Written as a cross translation, our program is
cross-translate find-start output "<!DOCTYPE html>%n" || "<html>%n" || " <head><title>TITLE</title></head>%n" || " <body>%n" || " <ul>%n" find-end output " </ul>%n" || " </body>%n" || "</html>%n" find line-start any-text+ => t ("%n" | value-end) output " <li>" || t || "</li>%n"
In a cross-translate
program, find-start
and find-end
rules can be used to handle
processing that should occur before and after pattern matching begins and ends, respectively. Here, we have used
these rules to emit the lead-in portion of our target HTML.

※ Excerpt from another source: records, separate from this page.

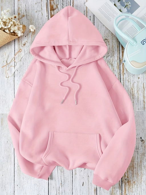 Sudadera con capucha para mujer, color liso, bolsillo anfibio, manga larga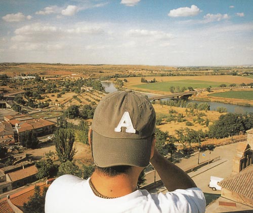 見えている川がタホ川。テージョ川とも言うそうな。トレドの街をぐるっと囲んでいるので、自然の要塞となり中世には重要な都市だったらしい。堀をつくるのはたいへんだけどね、川があるといいね。真田の上田城も確かそうだったような気がする。千曲川とか。ルクセンブルクもそうだったね。藤やんの帽子、Aって書いてあるね。エンジェルスのAかな。まさかねェ。しかしこれを選ぶ藤やんのセンスはどうでしょう?
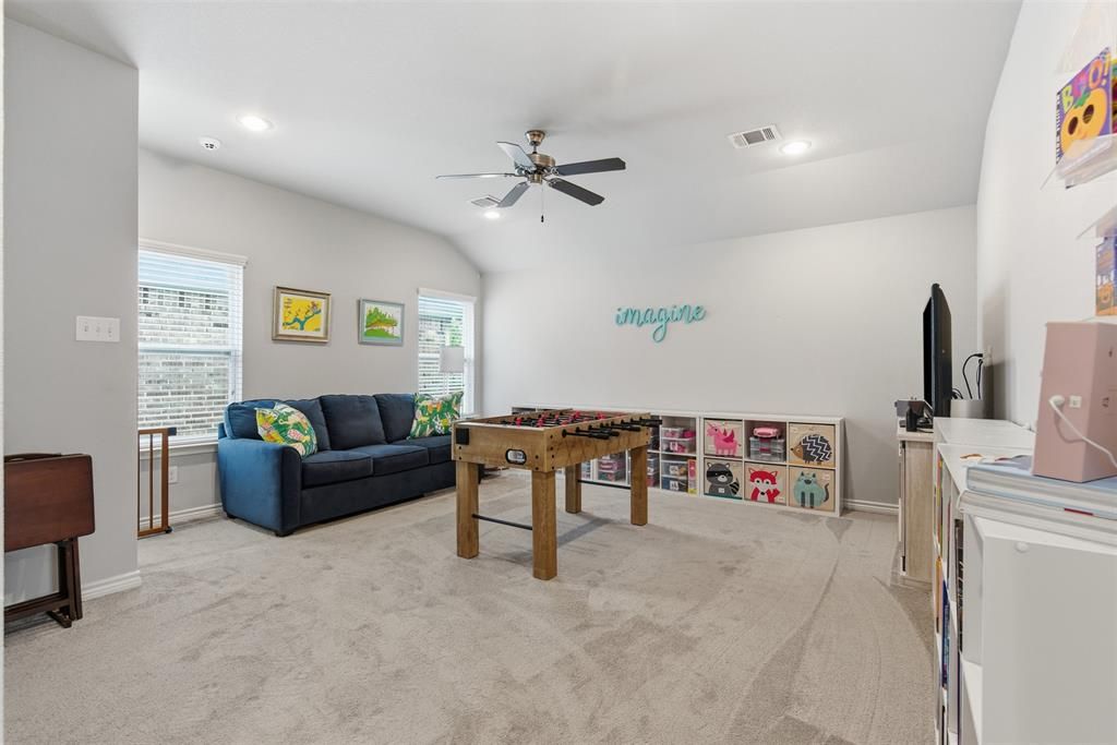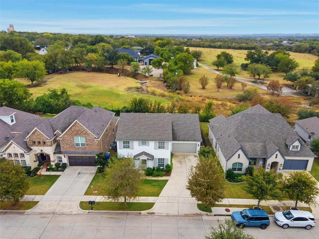 Nestled in the desirable Parks of Aledo community, this stunning 4 bedroom, 3.5-bath traditional-style home offers a perfect blend of comfort, elegance, and functionality. The gourmet kitchen is a chef's delight, complete with granite countertops double oven, ample cabinetry, and a seamless flow into the dining and living spaces. The primary bedroom suite is conveniently located downstairs, offering privacy and comfort. With double vanities, tub, and walk in closet. Upstairs, you'll find a versatile play area or game room along with 3 additional bedrooms and 2 baths, with plenty of space for guests. Step outside to enjoy the low maintenance turfed backyard that backs up to lush green space, creating a serene setting for outdoor living. This home combines thoughtful design, modern finishes, and a peaceful setting"”truly a must-see in The Parks of Aledo

This program can be converted to a process
program by defining a function to contain the orchestration
that would ordinarily be handled by OmniMark:
define string source function cross-translation (value string source s) as output "<!DOCTYPE html>%n" ; The body of FIND-START rules go here. || "<html>%n" || " <head><title>TITLE</title></head>%n" || " <body>%n" || " <ul>%n" using group "cross translation" submit s output " </ul>%n" ; The body of FIND-END rules go here. || " </body>%n" || "</html>%n" process output cross-translation (#main-input) group "cross translation" find line-start any-text+ => t ("%n" | value-end) output " <li>" || t || "</li>%n"The function
cross-translation ()
is typical of a filter function: it takes input in
one form via a value string source
argument, and outputs the transformed data on its
#current-output
.
In writing our cross translation as a process
program, we have used the flexibility to nestle the
find
rules in to a group named cross translation
, thereby protecting them from other rules that
might appear in the program; this group is made active in the process
rule. Since find-start
and
find-end
rules cannot appear in process
programs, we have also indicated by use of comments where
their content should be added to replicate the functionality they provided.
Although the process
version of our publication utility is slightly longer than the corresponding
cross-translate
version, it is far more flexible. For example, if a new requirement wanted us to manipulate
the output of our publication utility with further processing, we could accommodate this by adding an additional
function to our call chain in the process
rule:
process output further-processing (cross-translation (#main-input))where
further-processing ()
would be defined as a string source function
:
define string source function further-processing (value string source s) as ; ...See Linking chains of streaming filters for additional examples showing how to interconnect chains of coroutines.
up-translate
is used when converting unstructured content to SGML or XML. In an up-translate
program, OmniMark sends #main-input
to the program's find
rules, and sends the output of the
find
rules to both #main-output
and the selected markup parser for validation. By default, the
selected markup parser is the SGML parser; however the XML parser can be invoked by appending the with xml
qualifier to up-translate
. We will use XML here. The find
rules of an up translation program have
access to the current markup context collected by the markup parser from the generated
output. Although we will not use this functionality here, we will ensure that our process
program is
structured so that the markup context is available.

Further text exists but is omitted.